BACKGROUND Regional performance of the hypertrophied left ventricle (LV) in hypertrophic cardiomyopathy (HCM) is still incompletely characterized with studies variably reporting that the hypertrophied myocardium is hypokinetic, akinetic, or has normal function. Different imaging modalities (M-mode or two-dimensional echocardiography) and methods of analysis (fixed or floating frame of reference for wall motion analysis) yield different results. We assessed regional function in terms of systolic wall thickening and shortening and related these parameters to end-diastolic thickness using tagged magnetic resonance imaging and the three-dimensional volume-element approach. METHODS AND RESULTS In 17 patients with HCM and 6 healthy volunteers, four parallel short-axis images with 12 radial tags and two mutually orthogonal long-axis images with four parallel tags were obtained at end diastole and end systole. After the LV endocardial and epicardial borders were traced, three-dimensional volume elements were constructed by connecting two matched planar segments in two adjacent short-axis image planes, accounting for translation, twist, and long-axis shortening. A total of 72 such volume elements encompassed the entire LV. From each of these elements, end-diastolic thickness and systolic function (fractional thickening and circumferential shortening) were calculated. The average end-diastolic thickness was 15.8 +/- 4.2 mm in patients with HCM, which was significantly greater than that in healthy subjects (8.6 +/- 2.1 mm, P < .001). Fractional thickening was significantly less in patients with HCM than in healthy subjects (0.31 +/- 0.22 versus 0.56 +/- 0.23, P < .001). There was a highly significant inverse correlation between fractional thickening and end-diastolic thickness that was independent of the type of hypertrophy or age group.
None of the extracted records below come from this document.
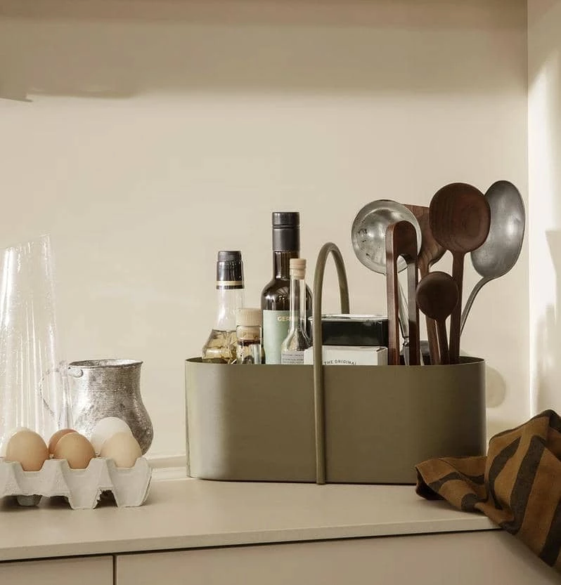 The Grib Toolbox is a handy solution for your various indoor-outdoor needs. Made from powder-coated metal, the gentle curves of its oval form are mirrored in the spherical handle, which rests comfortably in your palm when carried. We call it a toolbox, but you can use it for anything – gardening utensils, cleaning articles, office supplies or bathroom essentials.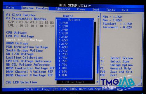 北桥芯片电压的调节范围为1.25V-1.85V,以0.02V为步进。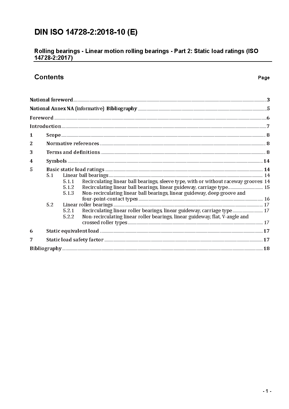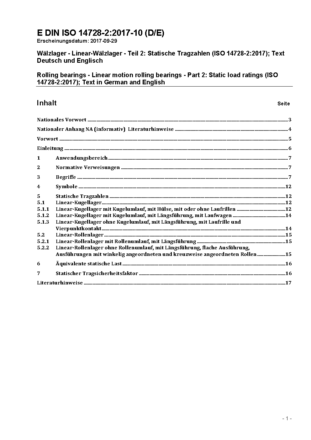 Wälzlager - Linear-Wälzlager - Teil 2: Statische Tragzahlen (ISO 14728-2:2004)
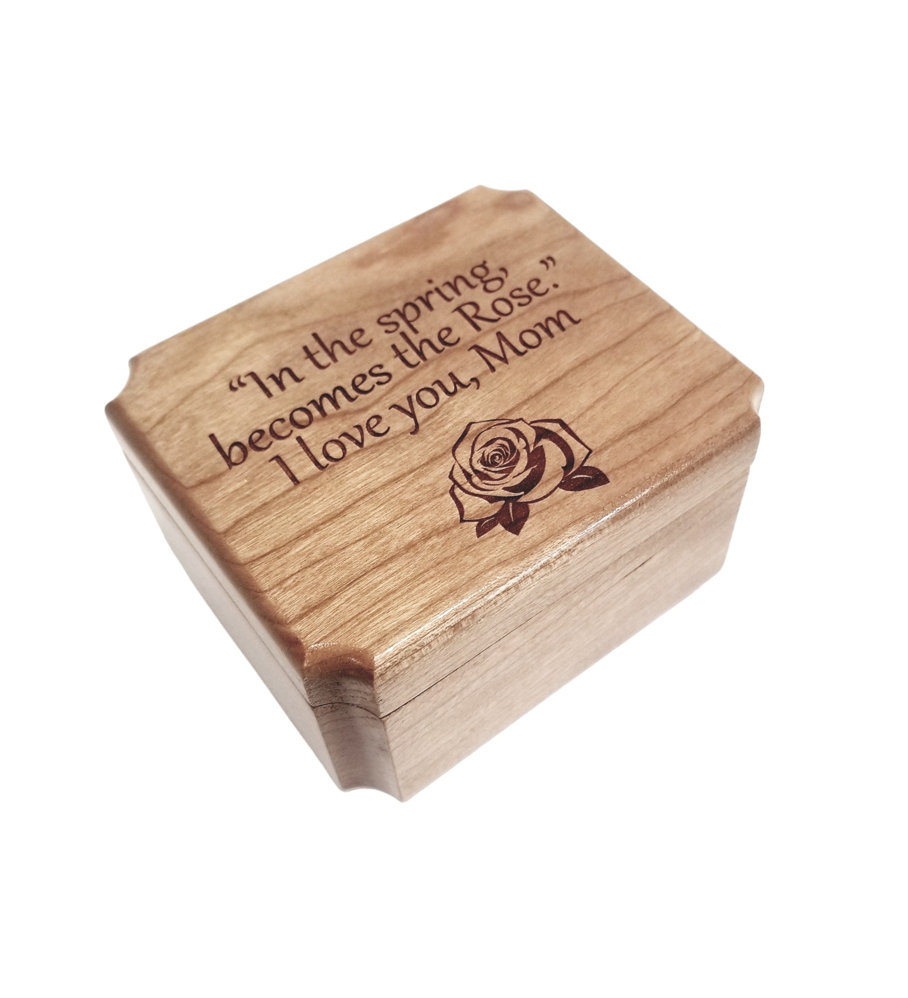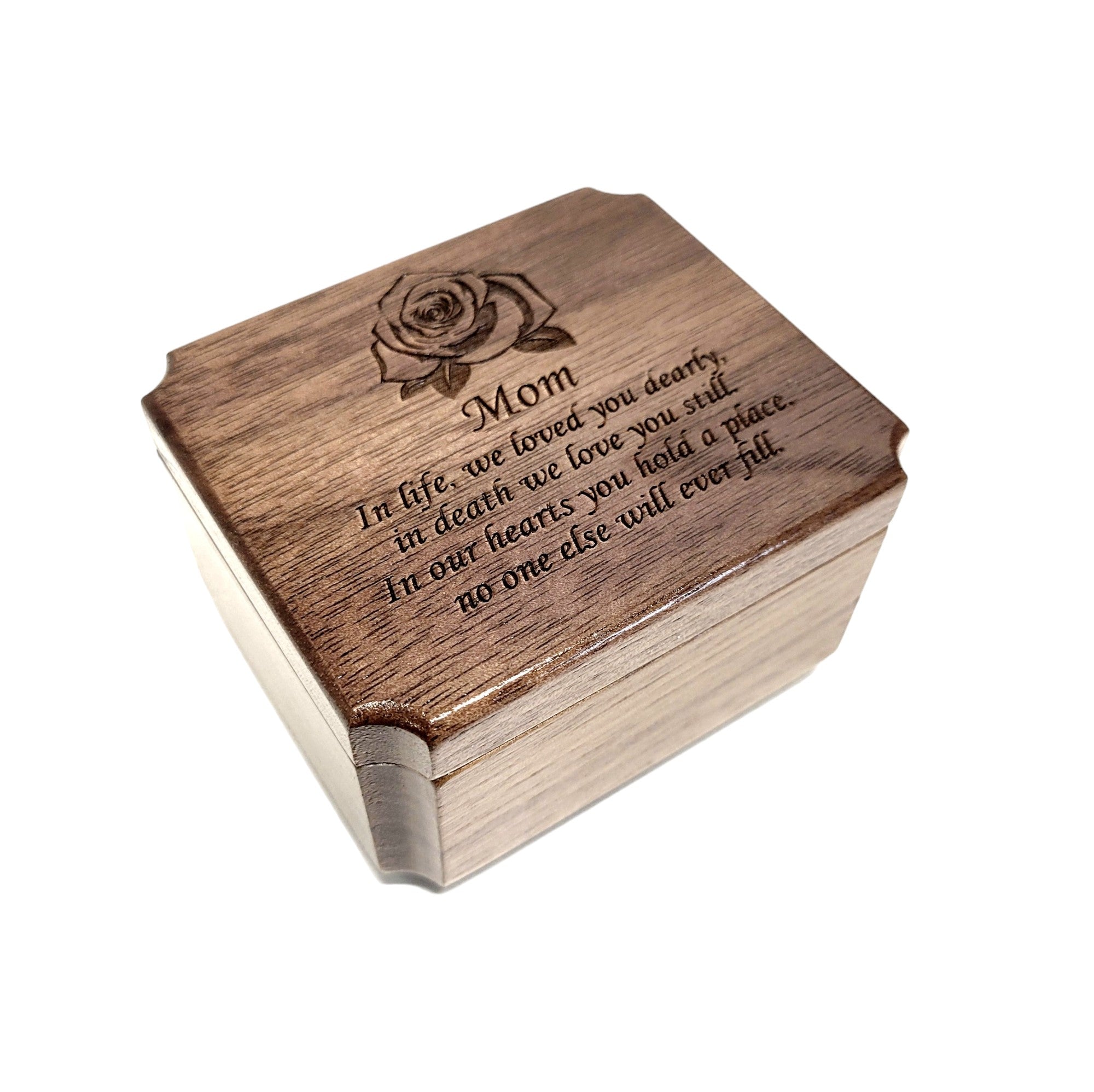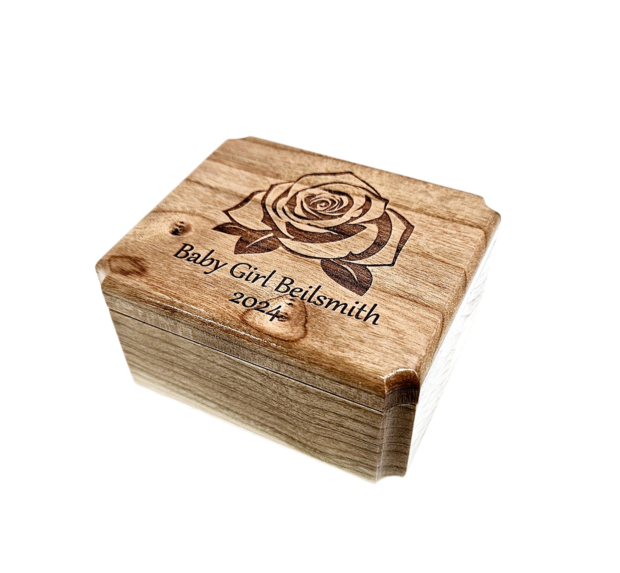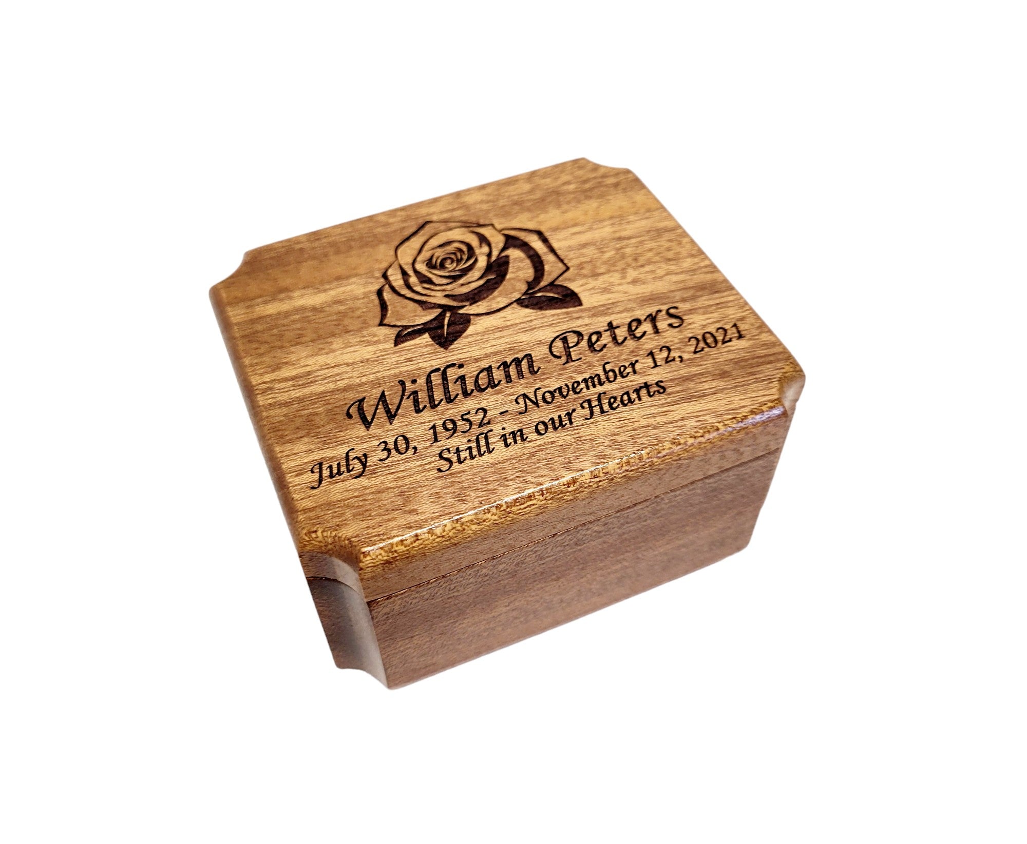 All of our ring boxes are made from premium hardwood, no plywood or pressboard! The design shown in the photos will be engraved along with your custom text. We do not stain or paint any of our urns but apply several finishing coats of lacquer to show off the beautiful natural wood grain.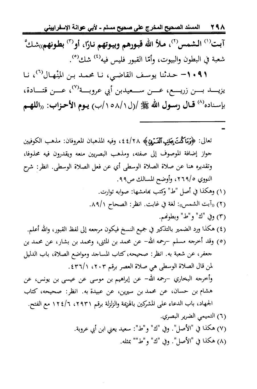 -[299]- املأ عليهم قبورهم وبيوتهم نارًا كما حبسونا عن الصلاة (¬4) الوسطى حتى آبت الشمس (¬5) " (¬6).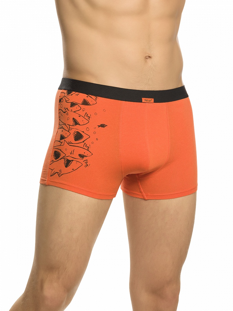 Мужские трусы-шорты. Принт на боковой части изделия. По талии широкий тканый эластик. Состав: 93%хлопок 7%эластан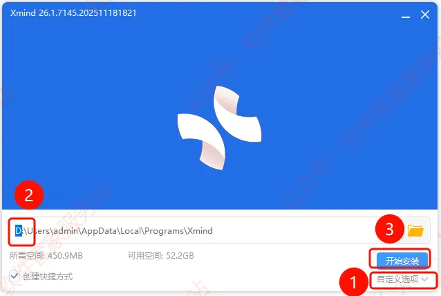 第四步:点开【自定义选项】,将安装位置改为D盘,然后点【开始安装】。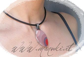 Per indossarlo ho optato per un cordino grosso sul quale ho montato una chiusura a calamita. Come vi sembra il risultato? Io ne sono piuttosto soddisfatta ed oggi l'ho indossata tutto il giorno. Ne sto preparando anche altre con disegni simili ma sul verde e vorrei trovare il modo di metterne più di uno sullo stesso cordino senza che diventi troppo kitsch... Suggerimenti per le decorazioni possibili? Spero come al solito che questo post sia d'ispirazione a qualcuna di voi! Da idea nasce idea... A presto!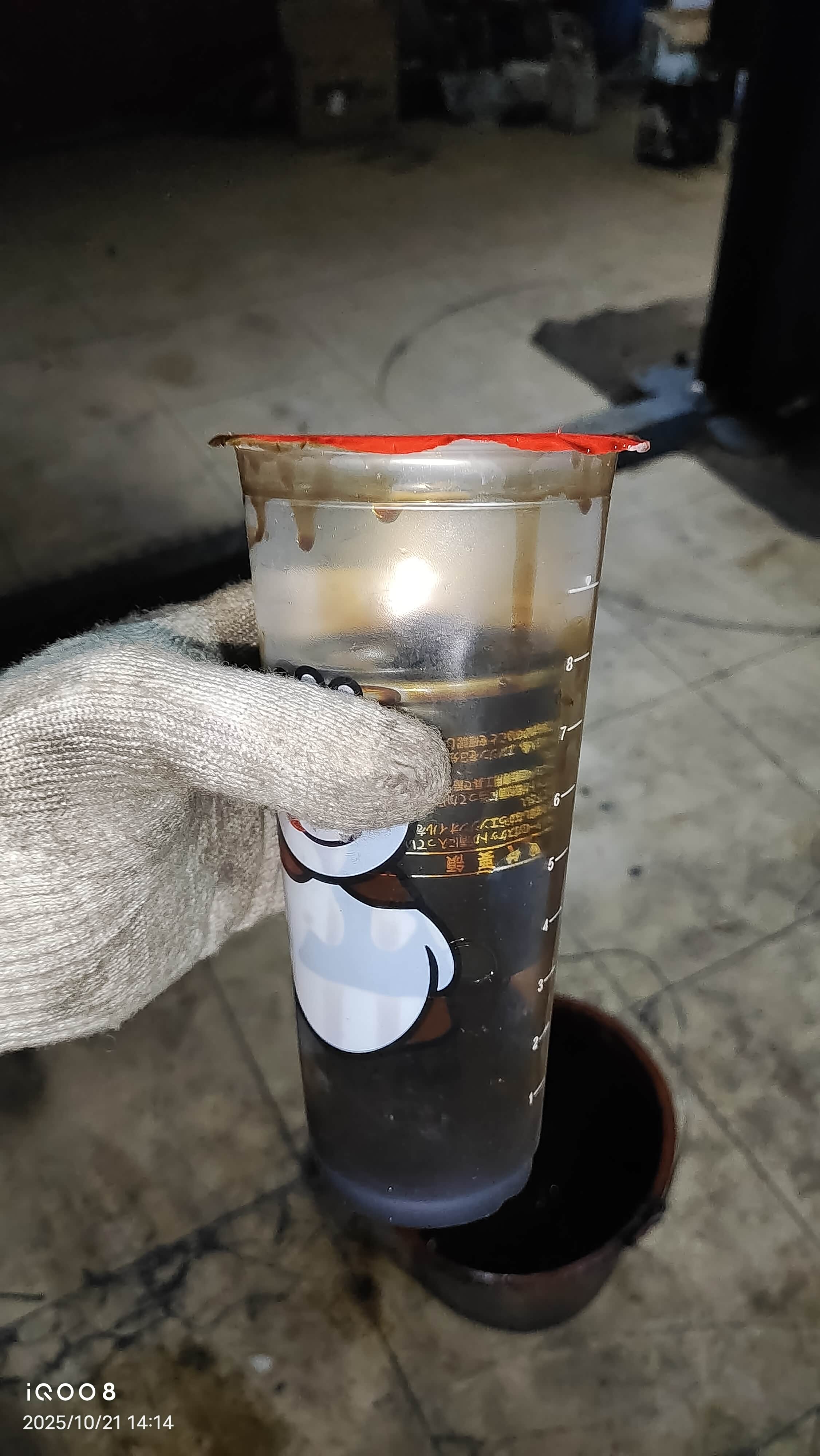 停机5分钟后,检查机油高度,上下孔间四分之三高度,完美。
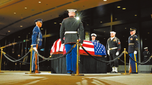 ▲前总统卡特历时6天的国葬活动正式开始,其灵柩已移往亚特兰大卡特中心,停放当地供民众瞻仰,接着会转送首都华盛顿,最后运返家乡入土为安。 美联社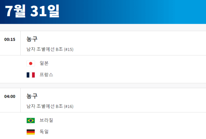 - 2024 파리올림픽 축구/농구/양궁/핸드볼 등 인기 종목 일정(한국시간)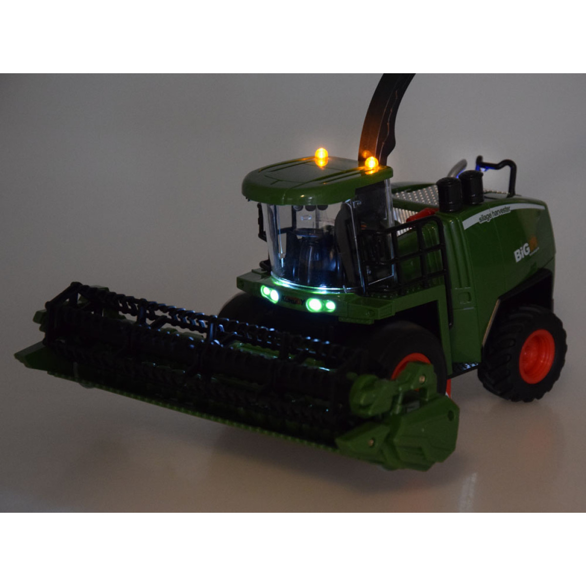 Kombaini käivitamisel kuulete mootori käivitamise ja töötamise heli madalatel pööretel. Edasisõidul kuulete mootori tööd ja esituled süttivad, samuti katusetuli. Tagasisuunas sõites kuulete tagurdamise heli ja tuled hakkavad vilkuma. Valgus- ja heliefekte saab puldiga välja lülitada.

Similar inverse relations were observed between circumferential shortening and end-diastolic wall thickness. CONCLUSIONS The myocardium in patients with HCM is heterogeneously thickened and the fractional thickening and circumferential shortening of the abnormally thickened myocardium are reduced compared with healthy subjects. The decrease in fractional thickening and shortening is inversely related to the local thickness.